Eliopoulosite does not correspond to any valid or invalid unnamed mineral [34]. According to literature data [1,2,3,4,5,6,7,8] eliopoulosite is the ninth mineral containing V and S that has been accepted by IMA. Noteworthy, eliopoulosite is the second V²⁺-bearing mineral, the first being dellagiustaite, Al₂VO₄ [35]. The presence of divalent V requires extremely reducing conditions (well below the iron-wüstite buffer). Furthermore, based on its chemical composition, eliopoulosite is the second sulfide that contains only V as a major component discovered so far. Recently, Ivanova et al. [36] reported on the presence of a V,Cr,Fe-sulfide in the extremely reduced assemblage of a rare CB chondrite. Due to its small size (one micron) the grain was studied only by EBSD (Electron BackScattered Diffraction) and no crystallographic or optical data were provided. However, its ideal composition (V,Cr,Fe)₄S₅ seems different compared to that of eliopoulosite in terms of S content and V/Fe ratio and the presence of abundant Cr.

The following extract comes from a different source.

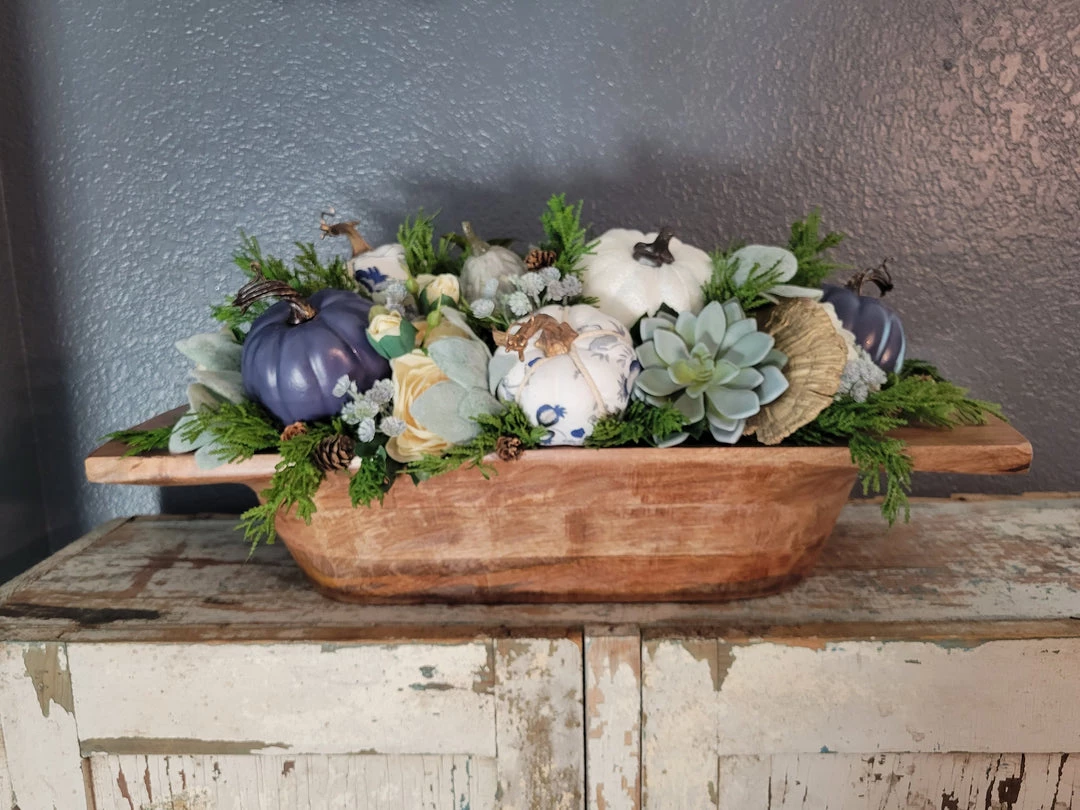 This fall centerpiece is designed with assorted navy and cream pumpkins, real touch hydrangea and succulents.Â

Interestingly, Selezneva et al. [37] recently showed that synthetic V₇S₈ shows differences in the magnetic behavior with respect to trigonal Fe₇S₈. Indeed, V₇S₈ is observed to exhibit a Pauli-paramagnetic behavior opposite to the classic ferrimagnetic ordering usually observed in pyrrhotite. Unfortunately, the small amount of the natural material precludes any possible measurement of both the magnetic susceptibility and magnetization. Such an experiment would have allowed us to verify if the amount of structural vacancies observed for eliopoulosite are enough to compensate the magnetic moments to avoid the ferromagnetic order.

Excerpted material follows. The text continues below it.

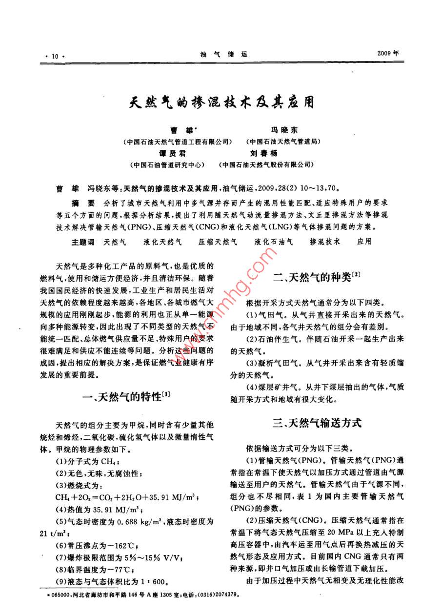 天然气的掺混技术及其应用

6. Remarks on the Origin of Eliopoulosite

Eliopoulosite was found in the same sample in which tsikourasite and grammatikopoulosite were discovered, and the three minerals occur in the same mineralogical assemblage [9,10]. Therefore, we can argue that they formed under the same chemical-physical condition (i.e., in a strongly reducing environment). This assumption is fully supported by the chemical composition of eliopoulosite, that points to a low valence state for V. However, as already proposed for the origin of tsikourasite and grammatikopoulosite, it is still not possible to provide a conclusive model to explain exhaustively the genesis of eliopoulosite. The following hypothesis can be formulated, since all of them imply the presence of a reducing environment [9,10,38,39,40,41,42,43]: i) low-temperature alteration of chromitite during serpentinization process; ii) high-temperature reaction of the chromitites with reducing fluids, at mantle depth; iii) post-orogenic surface lightning strike; or iv) meteorite impact.

However, the probability of intercepting a fragment of a meteorite or a fulgurite in the Otrhys ophiolite during the sampling of the studied chromitite seems very unlikely, although a V-bearing sulfide has been reported in a meteorite [36].